3 October 2019
We will do something different this time, a workshop, not a sprint.
By engaging the revolution of AI and deep learning, reinforcement learning also evolve from being able to solve simple game puzzles to beating human records in Atari games. It also opens the possibility of using reinforcement learning in making real life decisions. It’s time to do some serious DRL. (Or just play some games)
In this 3 hours workshop we would introduce some deep reinforcement learning (DRL) algorithms, as an exercise we will implementing them in python with deep learning libraries, specifically keras and tensorflow, to play games in Open AI Gym and simulated Atari.
In the first section, we will touch on the basic in reinforcement learning and implement using crossentropy method to play a simple games, on top of implement the basic tabular crossentropy method, we will also implement deep crossentropy method when the table which keep track of the policy becomes too large.
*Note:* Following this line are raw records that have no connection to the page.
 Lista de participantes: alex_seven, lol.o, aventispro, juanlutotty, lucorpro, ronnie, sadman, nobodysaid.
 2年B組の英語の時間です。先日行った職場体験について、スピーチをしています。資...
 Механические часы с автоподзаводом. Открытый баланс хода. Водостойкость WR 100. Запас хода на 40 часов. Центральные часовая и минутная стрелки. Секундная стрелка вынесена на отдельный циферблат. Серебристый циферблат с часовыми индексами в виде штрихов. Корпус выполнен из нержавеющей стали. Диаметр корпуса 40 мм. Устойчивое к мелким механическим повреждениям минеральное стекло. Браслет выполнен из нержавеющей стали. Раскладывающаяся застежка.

Most of the problem in the real world are model-free setting, i.e. we don’t know what the final result will be like for our intermediate actions. In the second section, we will introduce Q-learning and SARSA, two model-free policies which involve understanding of Bellman equations. We will also start introducing experience replay buffer which is essential to speed up learning.
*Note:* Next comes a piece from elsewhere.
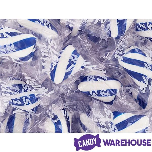 Bag contains 5 pounds of wrapped Blue Mint Twists Hard Candy.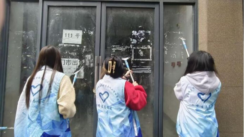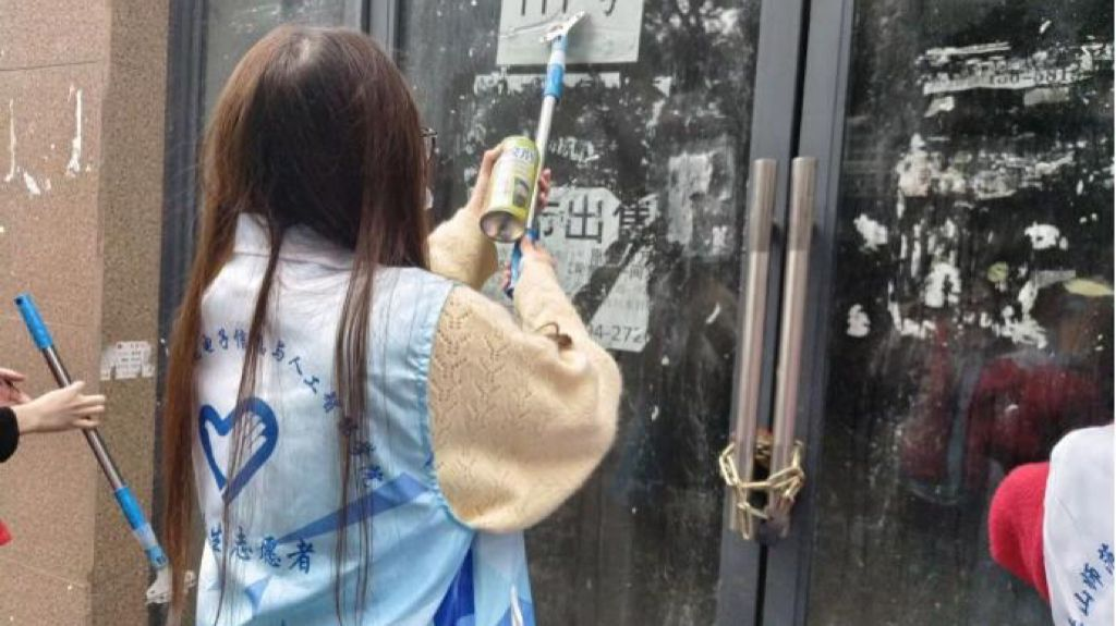 活动当天,电智学院的志愿者们身着统一的服装,准时来到青果山社区。在社区工作人员的指导下,志愿者们迅速分组,并领取了相应的劳动工具。一组志愿者分发扫帚,迅速投入到清扫活动中。他们手持扫帚,沿着社区的街道、小巷,仔细清扫着地面上的垃圾、落叶和尘土。在他们的辛勤努力下,社区的街道变得干净整洁,焕然一新。与此同时,另一组志愿者则负责清除墙面老旧、不得体的广告。他们对社区沿街店铺、电线杆、配电箱、楼道、住户门口等可视范围内乱贴乱画的小广告进行拉网式清理。行动中,大家拿着铲子、刷子、喷壶等工具,仔细铲除每一处牛皮癣,不放过任何一个死角。在志愿服务的过程中,志愿者们不仅展现了高度的责任心和团队合作精神,还积极与社区居民沟通交流,了解他们的需求和意见。

In the last section, we will explore using DQN (Deep Q-Network), which is a network develop by Google Deep Mind involve using CNN as an agent to play Atari game. Experience replay buffer will also be implemented to speed up learning.
As the end of the workshop, participants should be able to understand the concept of the deep reinforcement learning algorithms that we covered, implement them in python with keras and tensorflow.